__Your assignment__. Down to the last line, print the entries below exactly, and keep every picture out of the copy.

__Records for this exercise__.
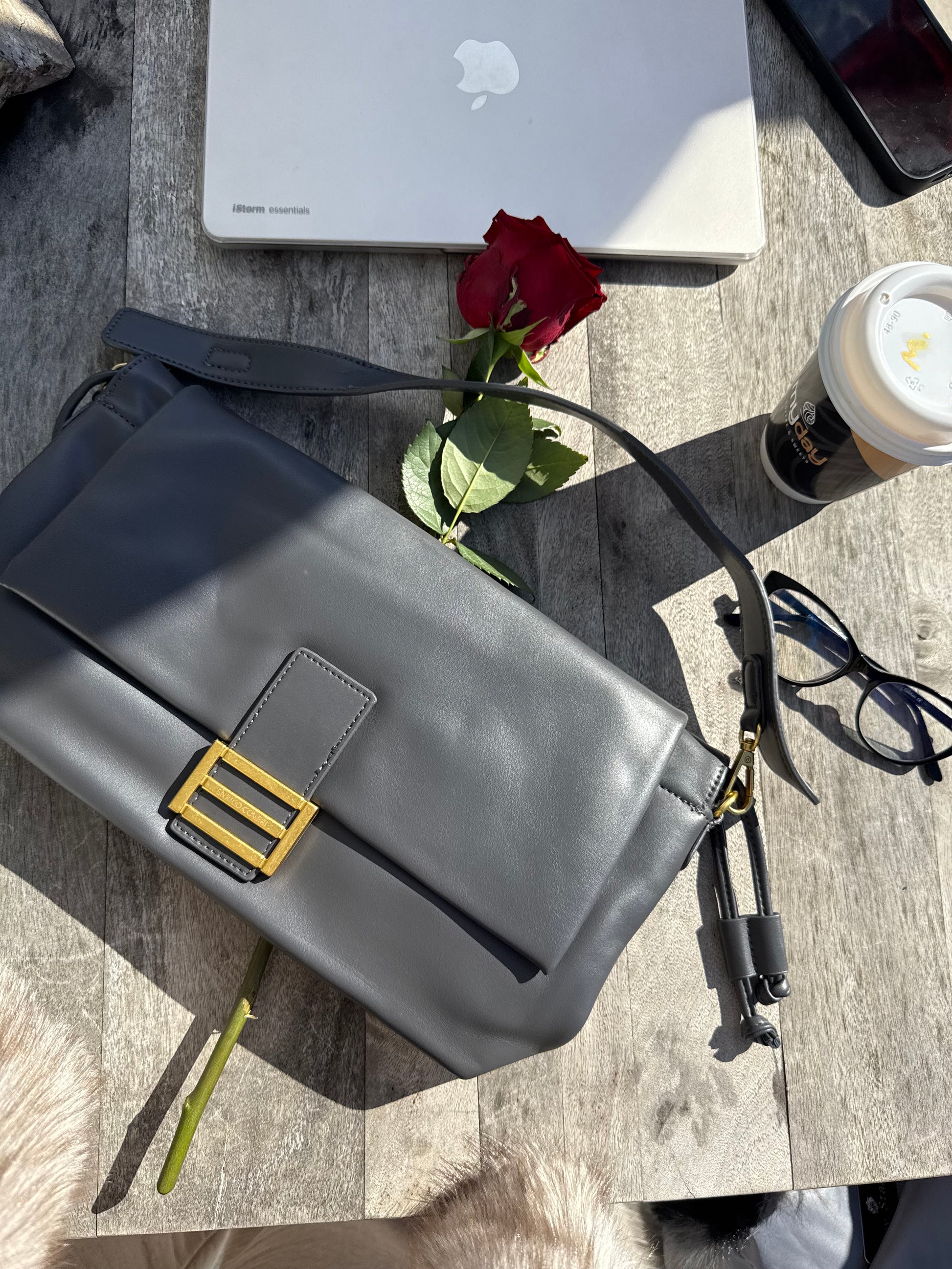 Ψυχρό γκρι, απαλή υφή και χρυσή λεπτομέρεια που κλειδώνει το βλέμμα. Μια τσάντα που δεν φωνάζει επιβάλλεται. Φοριέται κοντά στο σώμα, συνοδεύει βραδιές χωρίς πρόγραμμα και εμφανίσεις που δεν χρειάζονται εξηγήσεις.
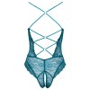 Боди без промежности от Cottelli LINGERIE, полностью из мягкого кружева синего цвета. Передняя и задняя части чрезвычайно сексуальны, с глубоким вырезом, соединены только декоративными кольцами из розового золота и эластичными ремешками. Область промежности привлекательно открыта. Бретели регулируются для идеальной посадки.
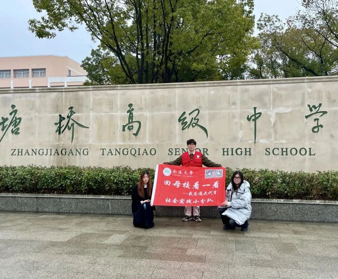 2024年1月19日,南通大学“回母校看一看”寒假实践小分队来到了江苏省张家港市塘桥高级中学开展宣讲活动。徐芯怡、郭子航、张子怡同学怀揣着热忱之心走上讲台,宣讲美丽通大。
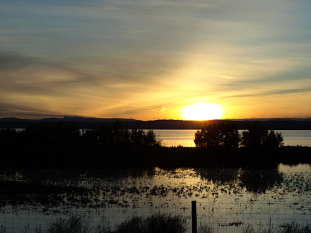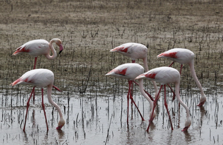 Med foråret ankommer flamingoerne i tusindvis og besætter de midterste sandbanker i søen. Ved solnedgang er det et fantastisk syn med deres langstrakte og elegante silhuetter.
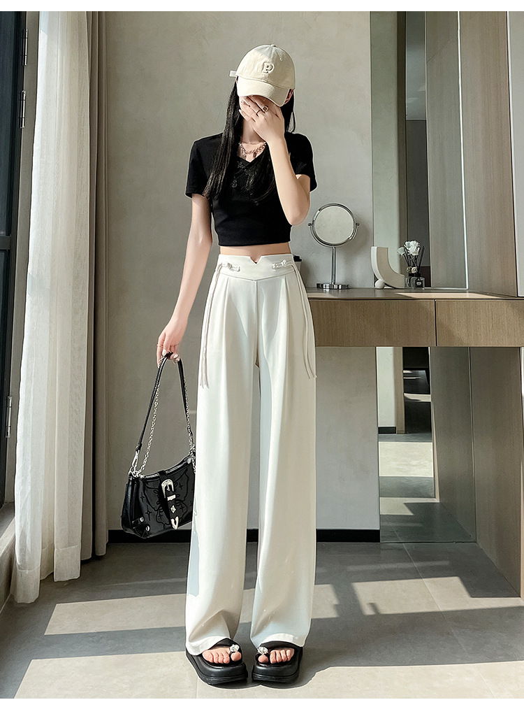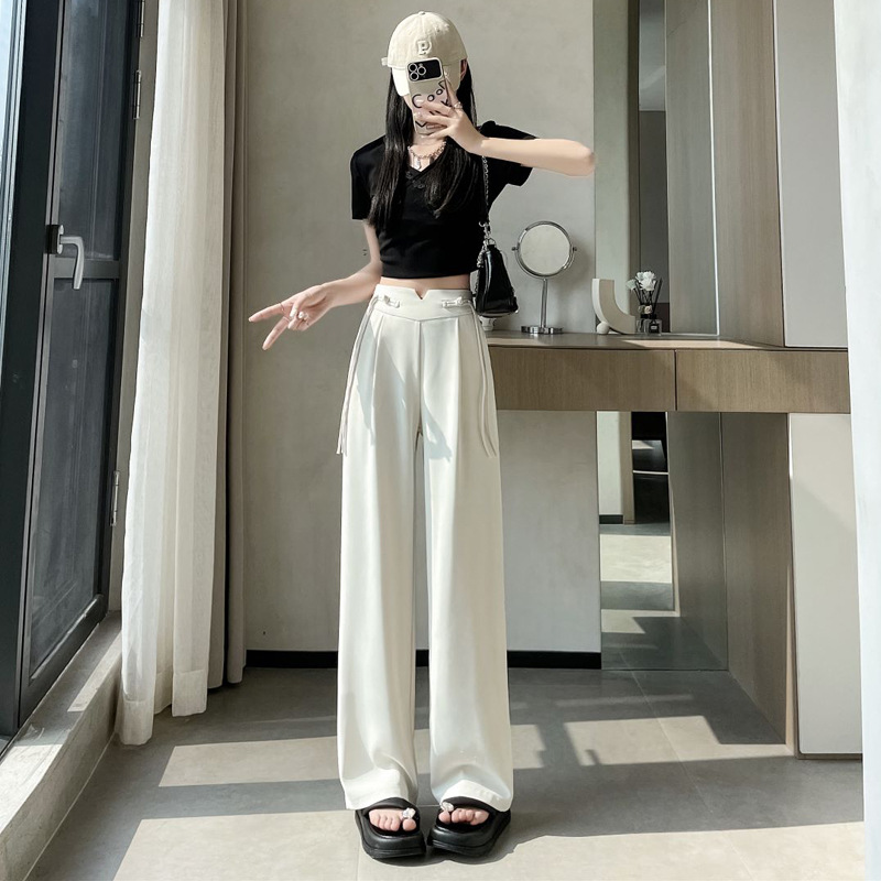 아이스 실크 와이드 레그 바지 여성용 여름 얇은 2025 새로운 국가 스타일 새로운 중국 스타일 바지 높은 허리 데프 쉬폰 바지
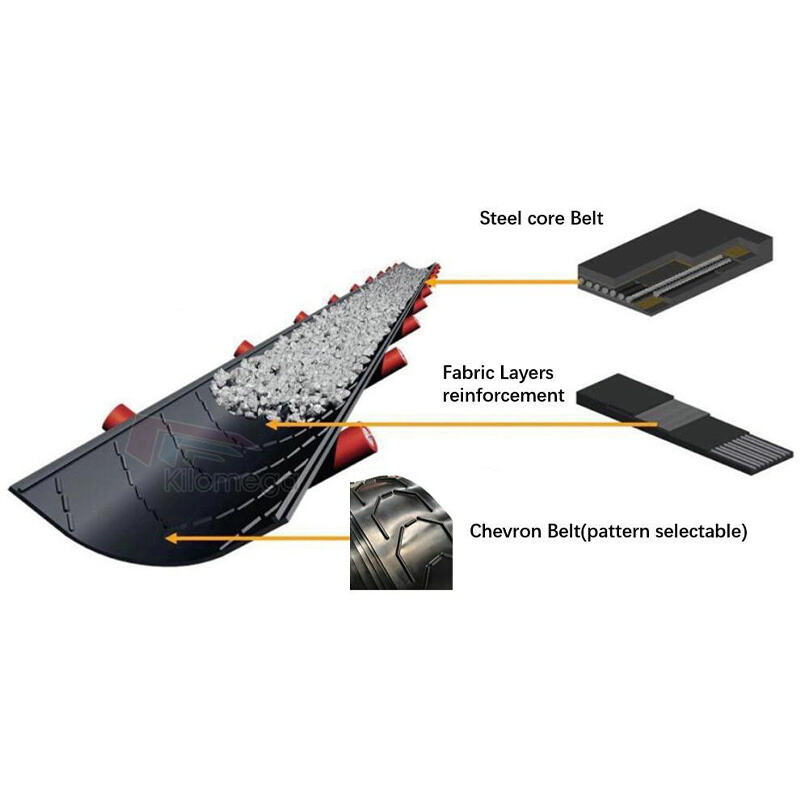 Chevron patterned conveyor belts represent a specialized category of bulk handling equipment, meticulously engineered to address the inherent limitations of conventional flat belts in steep-incline conveying scenarios. By integrating strategically designed protrusions onto the belt surface, these systems fundamentally overcome the persistent issues of material rollback and slippage, thereby enabling reliable transportation at angles previously deemed unachievable with standard conveyor systems. The operational excellence of chevron belts stems from their sophisticated structural composition, which harmonizes multiple functional layers into a cohesive, high-performance unit.
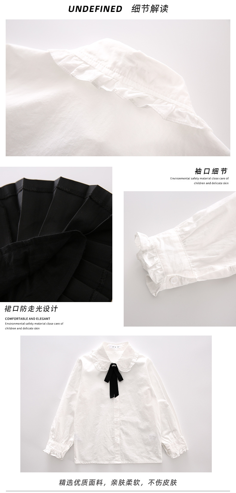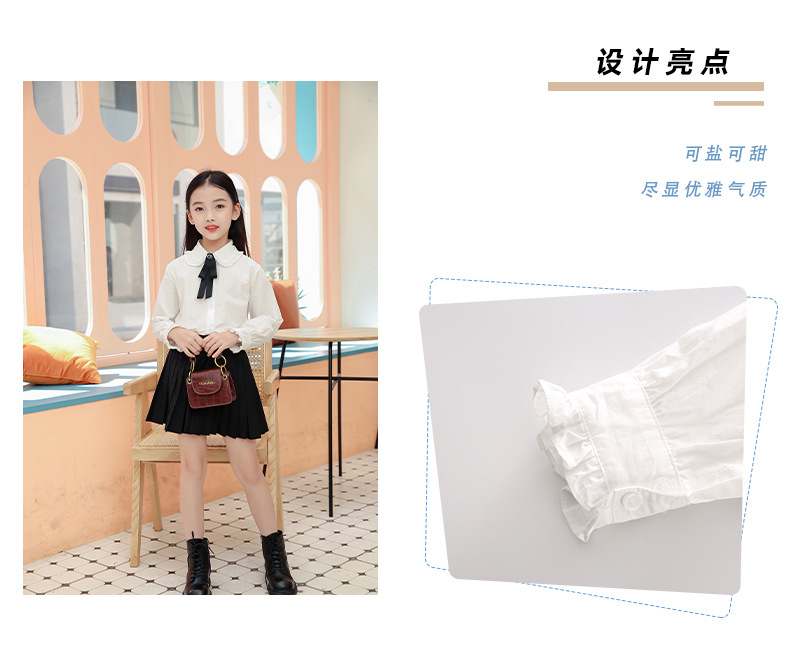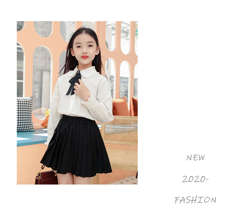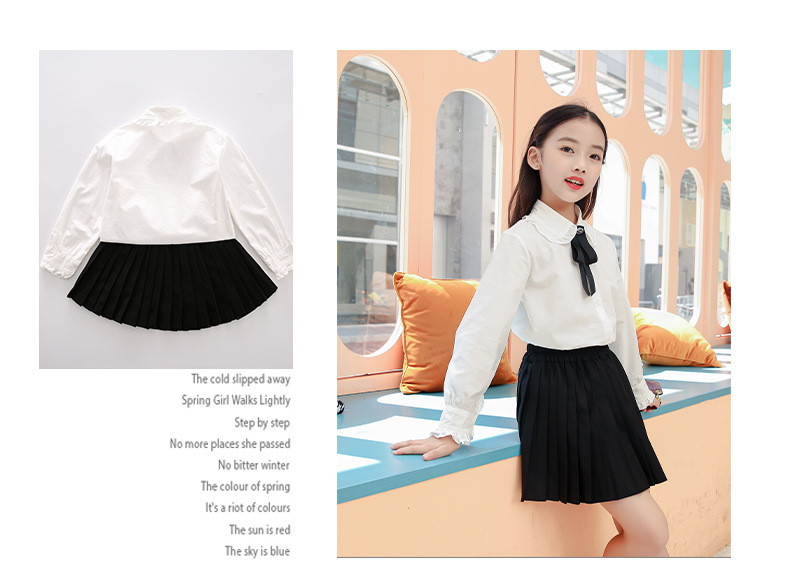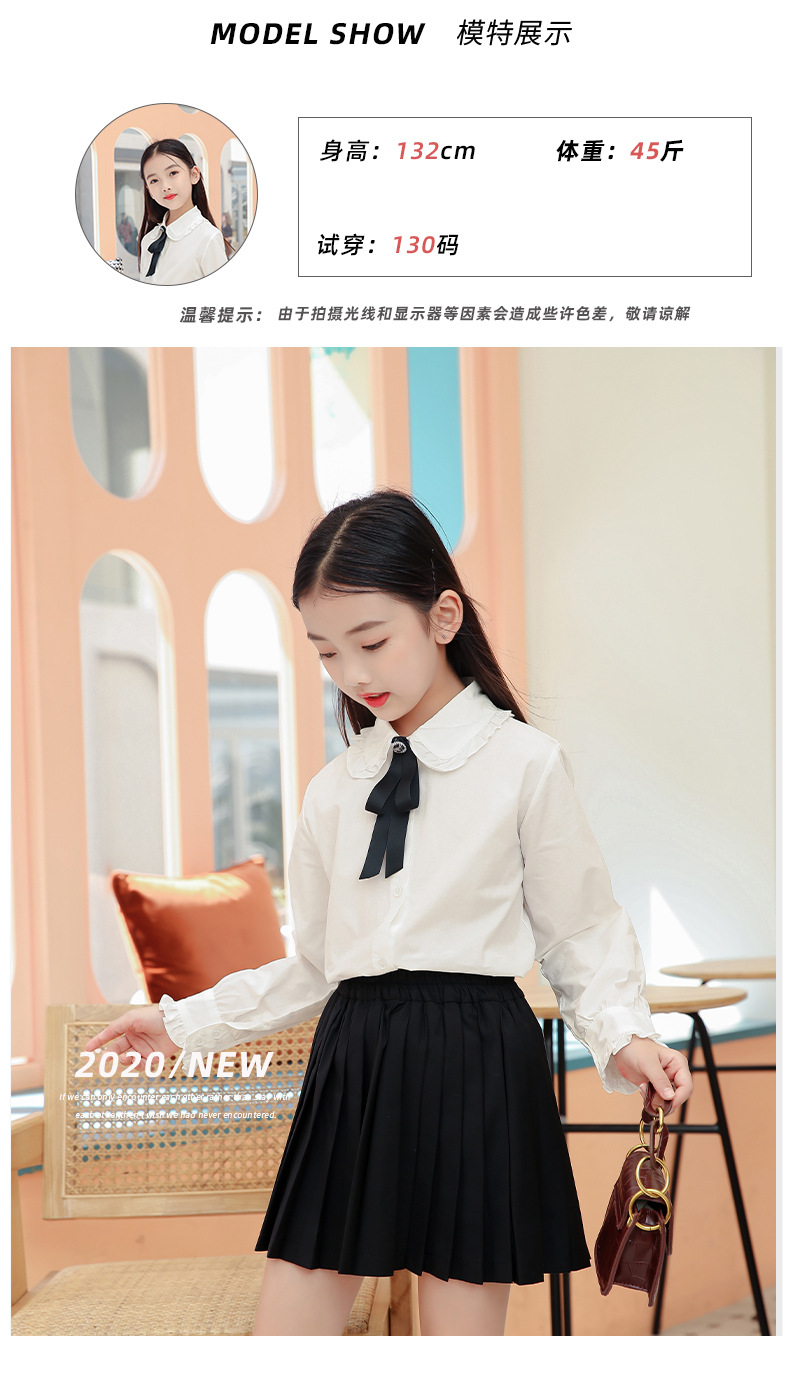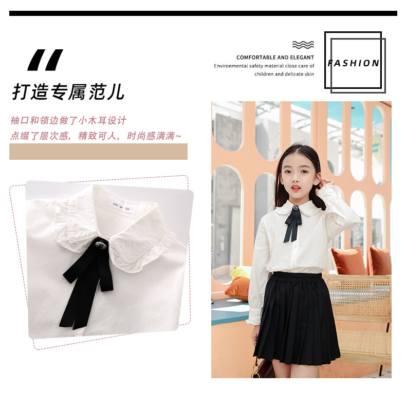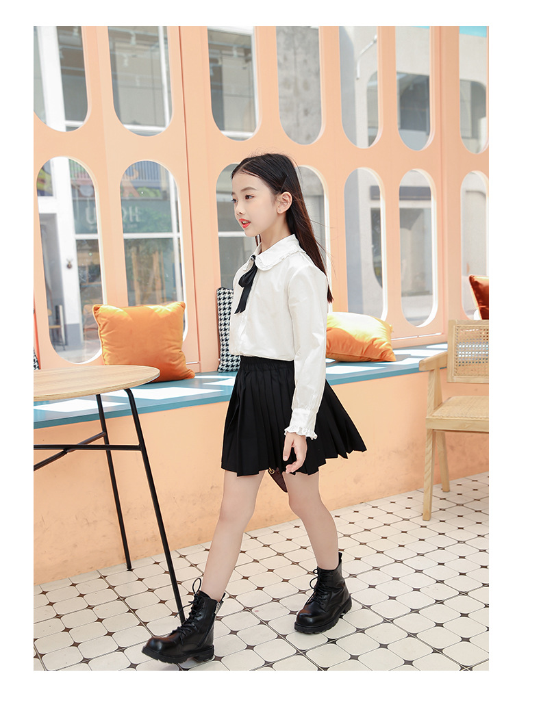 女童衬衫套装裙2024春秋装儿童打底白衬衫JK制服百褶短裙两件套
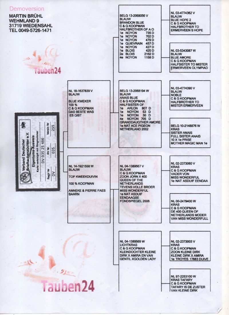 Opis: UWAGA!!! GOŁĘBIE DOSTARCZANE TYLKO PO WCZEŚNIEJSZEJ WPŁACIE NA KONTO BANKOWE!!! KOSZT TRANSPORTU 100 ZŁ (maksymalnie 3 gołębie w jednej paczce). KOSZTA TRANSPORTU KLIENCI BĘDĄ PŁACIĆ BEZPOŚREDNIO KIEROWCY KTÓRY PRZYWIEZIE GOŁĘBIE. TRANSPORT ODBĘDZIE SIĘ MIĘDZY 20-30.11.2025. Gołąb z WG OSTWESTFALEN DERBY - Edycja 2025. W sezonie 2025 przyjęto 952 gołębie z czego 380 poszło na finał. Gołębie po całym programie lotowym. LOT 1 - 113 km/prędkość około 1340 m/min. LOT 2 - 150 km/prędkość około 1400 m/min. LOT 3 - 232 km/prędkość około 1050 m/min. PÓŁFINAŁ - 250 km/prędkość około 1000 m/min. FINAŁ - 428 km/prędkość około 1350 m/min. Osiągnięcia gołębi wypisane na zdjęciu. Szczegóły pochodzenia w rodowodzie. Kontakt w sprawie transportu pod numerem telefonu 722-250-182. Więcej informacji pod numerem tel. +49 176-998-863-03 (Hodowca mówi po polsku).

__Reply to the exercise__.
 Ψυχρό γκρι, απαλή υφή και χρυσή λεπτομέρεια που κλειδώνει το βλέμμα. Μια τσάντα που δεν φωνάζει επιβάλλεται. Φοριέται κοντά στο σώμα, συνοδεύει βραδιές χωρίς πρόγραμμα και εμφανίσεις που δεν χρειάζονται εξηγήσεις.
 Боди без промежности от Cottelli LINGERIE, полностью из мягкого кружева синего цвета. Передняя и задняя части чрезвычайно сексуальны, с глубоким вырезом, соединены только декоративными кольцами из розового золота и эластичными ремешками. Область промежности привлекательно открыта. Бретели регулируются для идеальной посадки.
 2024年1月19日,南通大学“回母校看一看”寒假实践小分队来到了江苏省张家港市塘桥高级中学开展宣讲活动。徐芯怡、郭子航、张子怡同学怀揣着热忱之心走上讲台,宣讲美丽通大。
 Med foråret ankommer flamingoerne i tusindvis og besætter de midterste sandbanker i søen. Ved solnedgang er det et fantastisk syn med deres langstrakte og elegante silhuetter.
 아이스 실크 와이드 레그 바지 여성용 여름 얇은 2025 새로운 국가 스타일 새로운 중국 스타일 바지 높은 허리 데프 쉬폰 바지
 Chevron patterned conveyor belts represent a specialized category of bulk handling equipment, meticulously engineered to address the inherent limitations of conventional flat belts in steep-incline conveying scenarios. By integrating strategically designed protrusions onto the belt surface, these systems fundamentally overcome the persistent issues of material rollback and slippage, thereby enabling reliable transportation at angles previously deemed unachievable with standard conveyor systems. The operational excellence of chevron belts stems from their sophisticated structural composition, which harmonizes multiple functional layers into a cohesive, high-performance unit.
 女童衬衫套装裙2024春秋装儿童打底白衬衫JK制服百褶短裙两件套
 Opis: UWAGA!!! GOŁĘBIE DOSTARCZANE TYLKO PO WCZEŚNIEJSZEJ WPŁACIE NA KONTO BANKOWE!!! KOSZT TRANSPORTU 100 ZŁ (maksymalnie 3 gołębie w jednej paczce). KOSZTA TRANSPORTU KLIENCI BĘDĄ PŁACIĆ BEZPOŚREDNIO KIEROWCY KTÓRY PRZYWIEZIE GOŁĘBIE. TRANSPORT ODBĘDZIE SIĘ MIĘDZY 20-30.11.2025. Gołąb z WG OSTWESTFALEN DERBY - Edycja 2025. W sezonie 2025 przyjęto 952 gołębie z czego 380 poszło na finał. Gołębie po całym programie lotowym. LOT 1 - 113 km/prędkość około 1340 m/min. LOT 2 - 150 km/prędkość około 1400 m/min. LOT 3 - 232 km/prędkość około 1050 m/min. PÓŁFINAŁ - 250 km/prędkość około 1000 m/min. FINAŁ - 428 km/prędkość około 1350 m/min. Osiągnięcia gołębi wypisane na zdjęciu. Szczegóły pochodzenia w rodowodzie. Kontakt w sprawie transportu pod numerem telefonu 722-250-182. Więcej informacji pod numerem tel. +49 176-998-863-03 (Hodowca mówi po polsku).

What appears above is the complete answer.